"I'm Like a Bird" is a song by Canadian singer-songwriter Nelly Furtado. It was written by Furtado and produced by Gerald Eaton and Brian West for her debut studio album, Whoa, Nelly! (2000). Released as the album's first single in September 2000, it became a worldwide hit the following year, peaking at number one in Portugal, number two in Australia and New Zealand, number five in the United Kingdom, and number nine in the United States. It was the eighth-most-played song on Canadian radio in 2001.
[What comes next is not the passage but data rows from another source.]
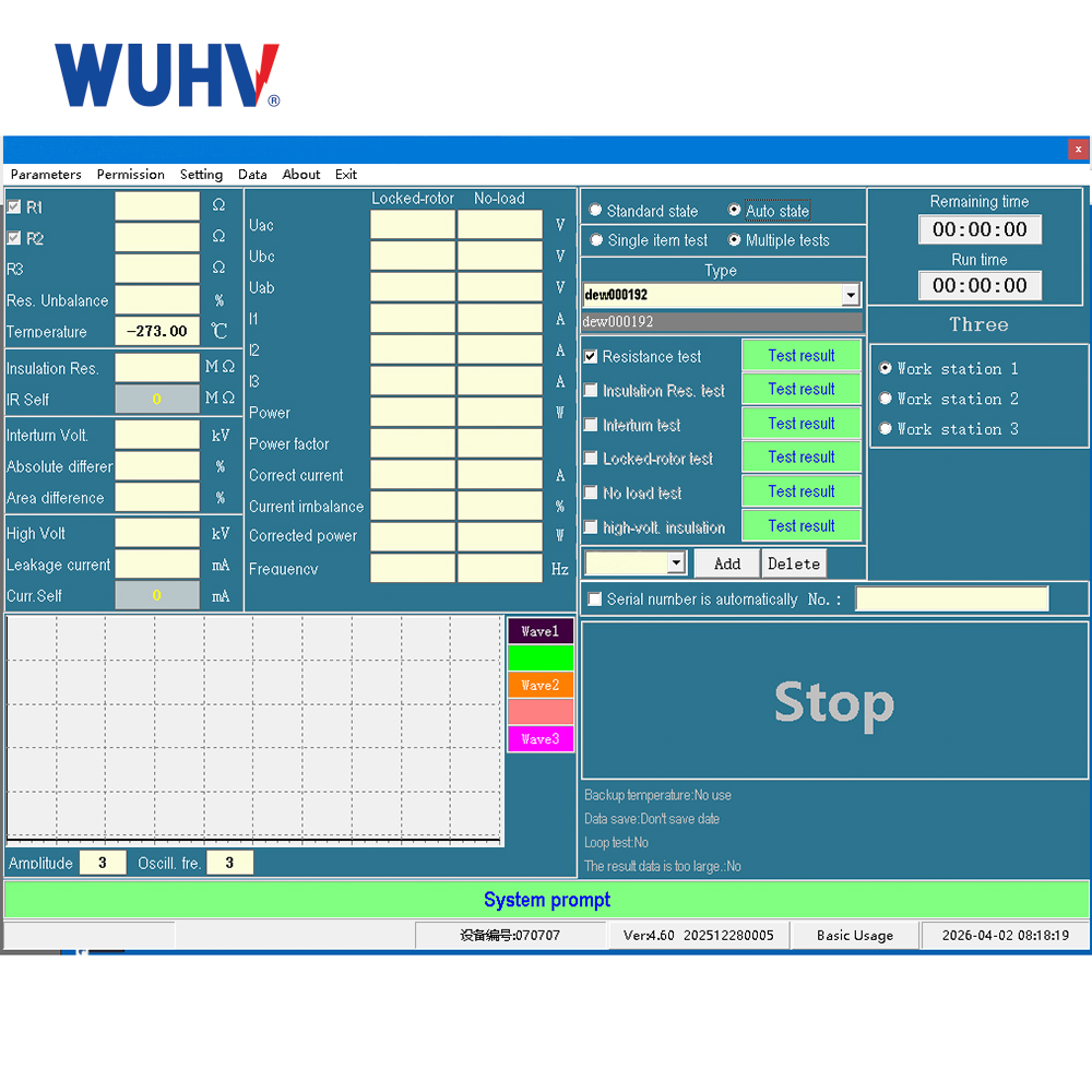 | Inter-turn Test | 400~3000Vp | Class 5.0 | Wavefront time 0.2μs, automatic judgment of adjacent turn-to-turn conditions at 1/200 turns | |
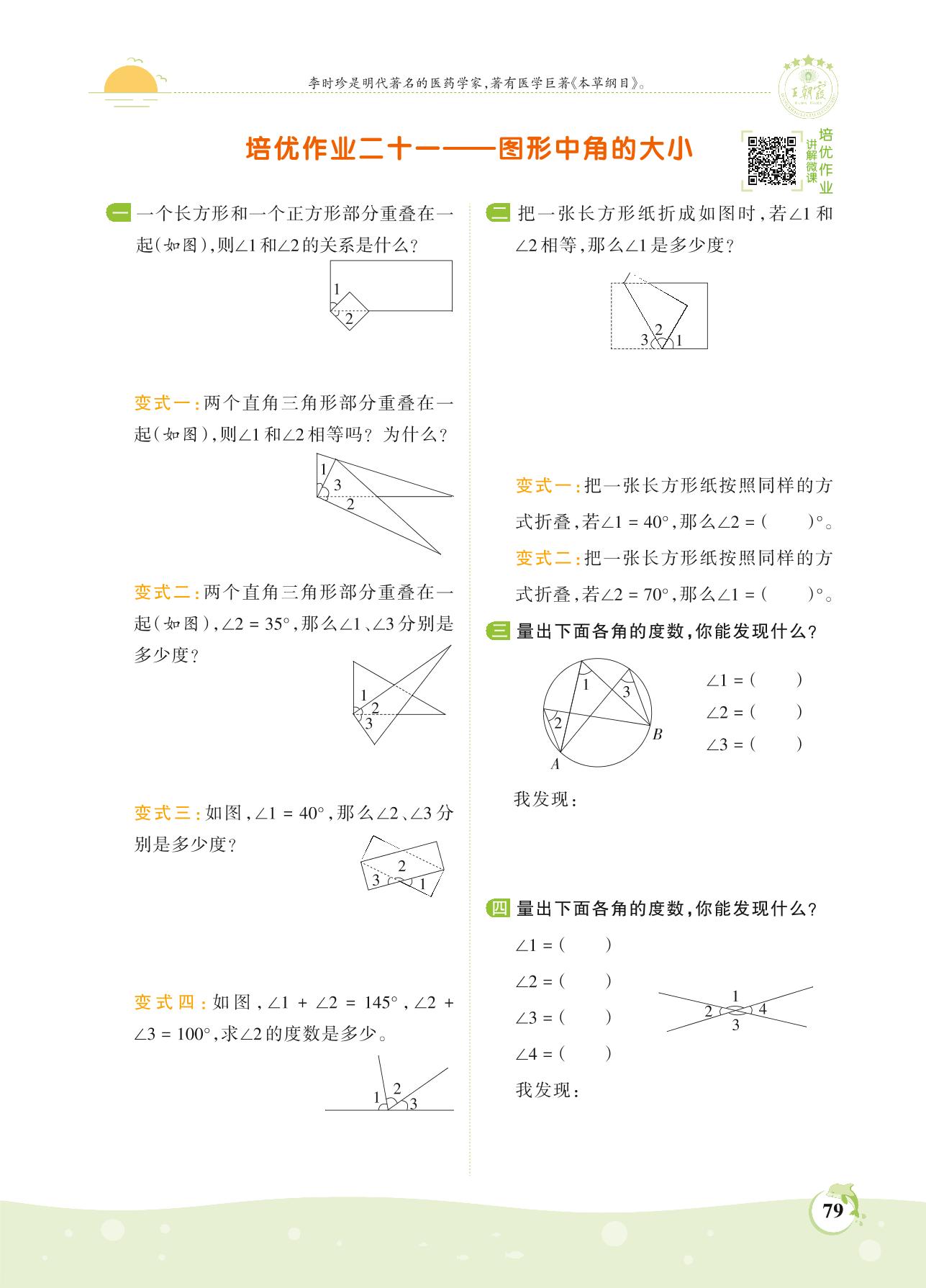 2021上册四年级数学苏教版 第八单元——培优作业二十一 图形中角的大小
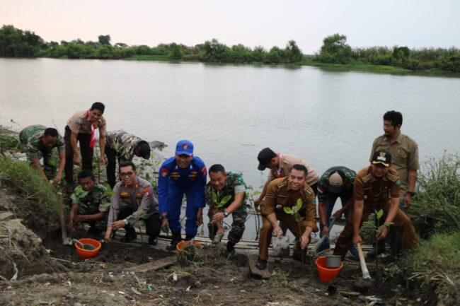 Sidoarjo~www.pilarcakrawala.news|Kodim 0816/Sidoarjo bersama BPDASHL Brantas dan Forkopimka Kec. Jabon Sidoarjo melaksanakan puncak penanaman mangrove nasional yang bertempat di wisata bahari tlocor Desa Kedungpandan Kecamatan Jabon Kab. Sidoarjo. Senin, 15/5/2023.
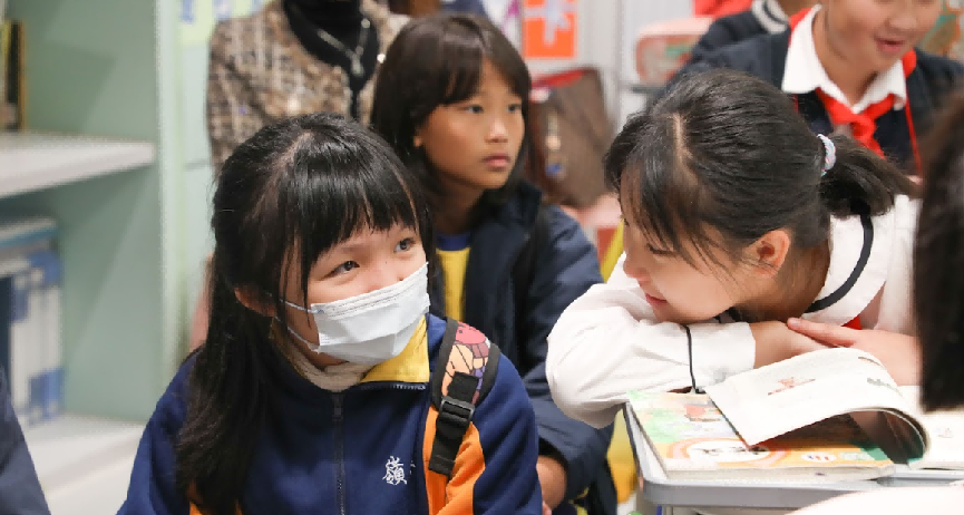學生於工業展覽館進行學習。 通過這次工業展覽館和改革開放展覽館的參觀學習,學生們體驗到深圳作為改革開放的排頭兵所取得的輝煌成果,同时亦為祖國擁有如此豐富多彩的文化而感到自豪,並認識到保護和傳承文化的重要性。來自香港教育工作者聯會黃楚標中學的區老師指出:“這個深圳一日的考察團讓我了解到廣東改革的輝煌成就。此行讓我見證國家加速邁向全球,實在不禁為自己身為中國人而感到驕傲。” 促進學校交流,加深兩地情誼 大灣區交流計劃還特別安排了三次深港學校交流活動,分別是香港荃灣商會學校與深圳市寶安區實驗學校(集團)海旺學校、香港打鼓嶺嶺英公立學校與深圳市福田區紅嶺實驗小學、香港教育工作者聯會黃楚標中學和深圳市寶安中學(集團)海天學校,他們各自進行了深入的交流互動。 在交流過程中,兩地學生們一同坐在教室裡,共同聆聽老師的講解,互相探討,分享著彼此的學習心得和看法。通過這種交流,兩地學生對彼此學習方式和思維模式有更進一步的認識。

In 2002, "I'm Like a Bird" was nominated for the Grammy Award for Song of the Year and won the Grammy Award for Best Female Pop Vocal Performance, making Furtado the first female act to win the award for her debut single since Mariah Carey did so ten years earlier and the last to be awarded to a Canadian in the category. It also won the Juno Award for Single of the Year in 2001.

Composition
"I'm Like a Bird" is composed common time in the key of B♭ major. The song moves at 90 beats per minute, and Furtado's voice spans around two octaves, from F3 to F5. It is written in verse-chorus form, with a bridge before the third chorus.

Furtado's response
In 2006, Furtado said of the song, "I've heard it sung at karaoke or by cover bands and it was awesome — I was like, wow, I've got one of those songs. Somebody once called it a 'hairbrush song', one that girls and guys sing in front of the mirror with their hairbrush. I just think I'm lucky I have it — it's paying the bills!".

Music video
The music video for "I'm Like a Bird" was directed by Francis Lawrence, and features heavy use of CGI. The video begins in the sky where the camera slowly pans down onto Furtado, who is lying in the grass. It then shows her singing on a tree trunk in mid-air. In the chorus she gets up and starts singing to the camera while birds are flying around her. The second verse shows her sitting in mid-air in a forest, while singing to the camera. The chorus consists of flashes of Furtado singing in mid-air, again, while leaning on the tree trunk. During the bridge she is singing to a bug while her eyes change colour, which changes the bug's color accordingly. The conclusion of the video shows her falling backwards from a branch into a crowd as she sings the final chorus of the song. The last shot pans out to reveal a crowd of tens of thousands.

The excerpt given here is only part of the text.